Routine Blood Biomarkers Reveal a Preclinical Continuum of Multiple Myeloma Risk

TL;DR

This study identifies blood biomarkers that can predict multiple myeloma risk years before diagnosis, enabling early risk stratification using routine clinical tests.

Contribution

It demonstrates that routinely measured blood analytes can reveal a preclinical continuum of MM risk and improve early detection models.

Findings

Blood biomarkers like total protein and albumin are strongly associated with future MM risk.

Preclinical deviations in blood markers emerge over a decade before diagnosis.

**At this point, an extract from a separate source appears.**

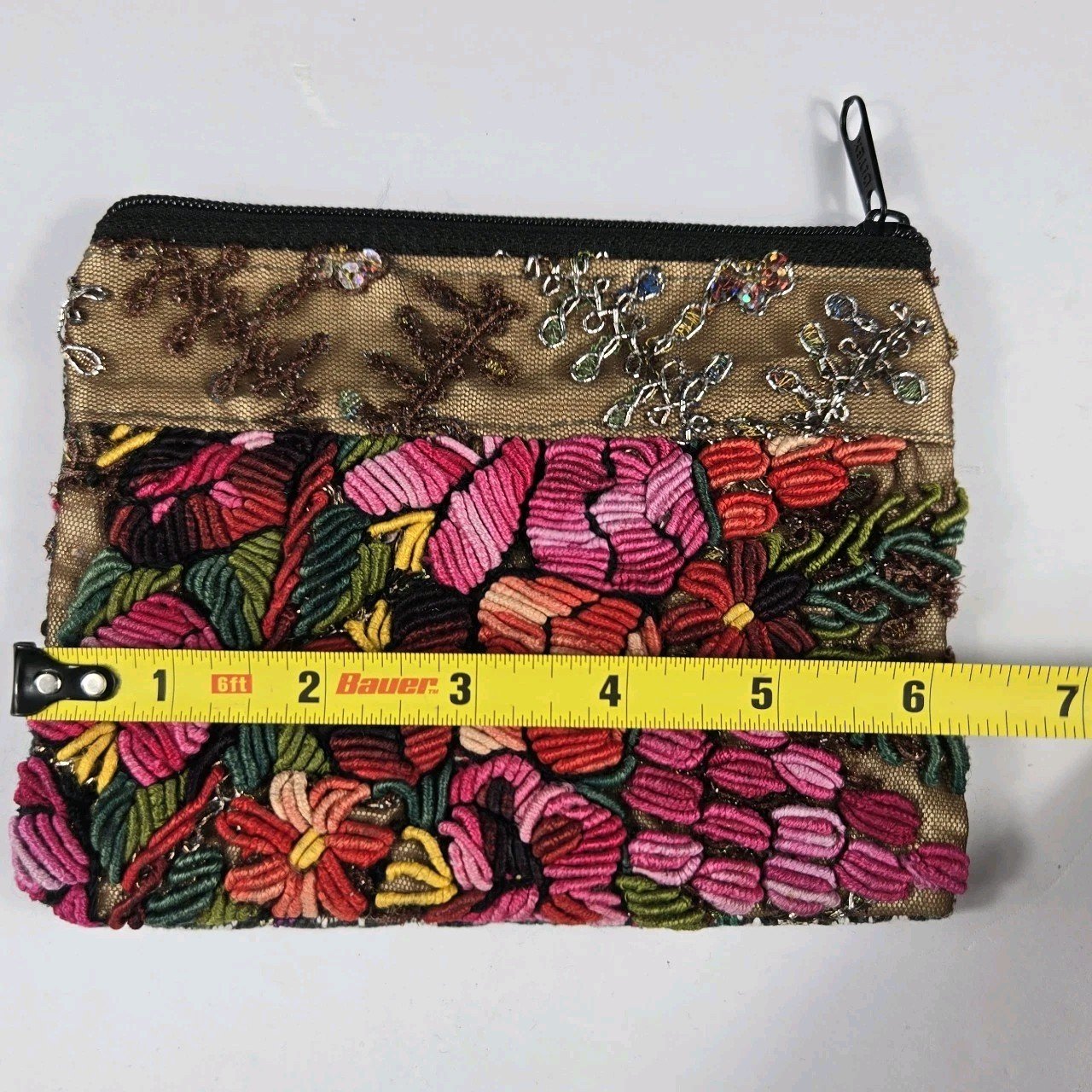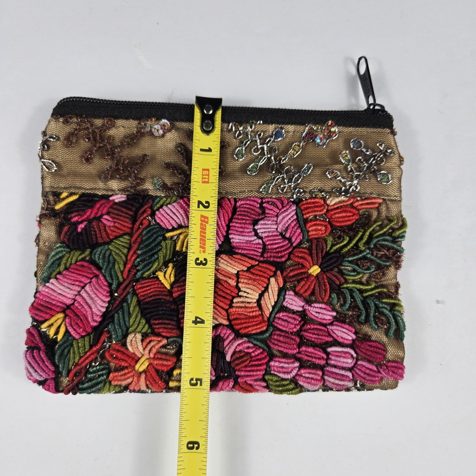 This product is a hand-embroidered coin purse made in Mexico. The design showcases traditional Mexican art and craftsmanship, making it a unique and authentic accessory. Measuring 6 x 5 inches, this coin purse is the perfect size to hold small items such as coins, keys, or other trinkets. The intricate embroidery adds a touch of charm and personality to any outfit, making it a fashionable and functional addition to your collection.

Incorporating biomarkers improves 10-year MM risk prediction accuracy.

Abstract

Multiple myeloma (MM) is preceded by a long preclinical phase spanning decades, yet scalable, non-specialist tools to identify individuals at elevated risk before end-organ damage are lacking. In a prospective analysis of 299,035 cancer-free UK Biobank participants followed for a median of 12.4 years, during which 768 developed incident MM, we conducted a biomarker-wide association scan across 61 routinely measured blood analytes spanning hematological, protein metabolism, renal, and immune categories. Markers of protein dysregulation-elevated total protein, depressed albumin, and a low albumin-to-globulin (A/G) ratio-showed the strongest preclinical associations (hazard ratios 0.61-1.54 per SD), consistent with progressive monoclonal immunoglobulin accumulation and suppression of normal polyclonal synthesis years before diagnosis. These signals were accompanied by indicators of erythropoietic suppression, morphological red cell dysregulation, and a shift toward lower neutrophil and higher lymphocyte fractions, reflecting coordinated perturbations across hematopoietic and immune compartments. Longitudinal trajectory analyses showed that these multi-system deviations emerge more than a decade before diagnosis and intensify as clinical onset approaches. Dose-response modelling revealed pronounced nonlinear associations for protein and erythrocytic markers, with risk concentrated among individuals with extreme values. Incorporating significant biomarkers into a clinical risk model improved 10-year MM discrimination from a C-index of 0.684 to 0.744, with the high-risk decile accumulating 0.79% cumulative incidence versus 0.47% under the clinical model alone. These findings provide a practical framework for biomarker-guided MM risk stratification and targeted surveillance using routinely available clinical tests.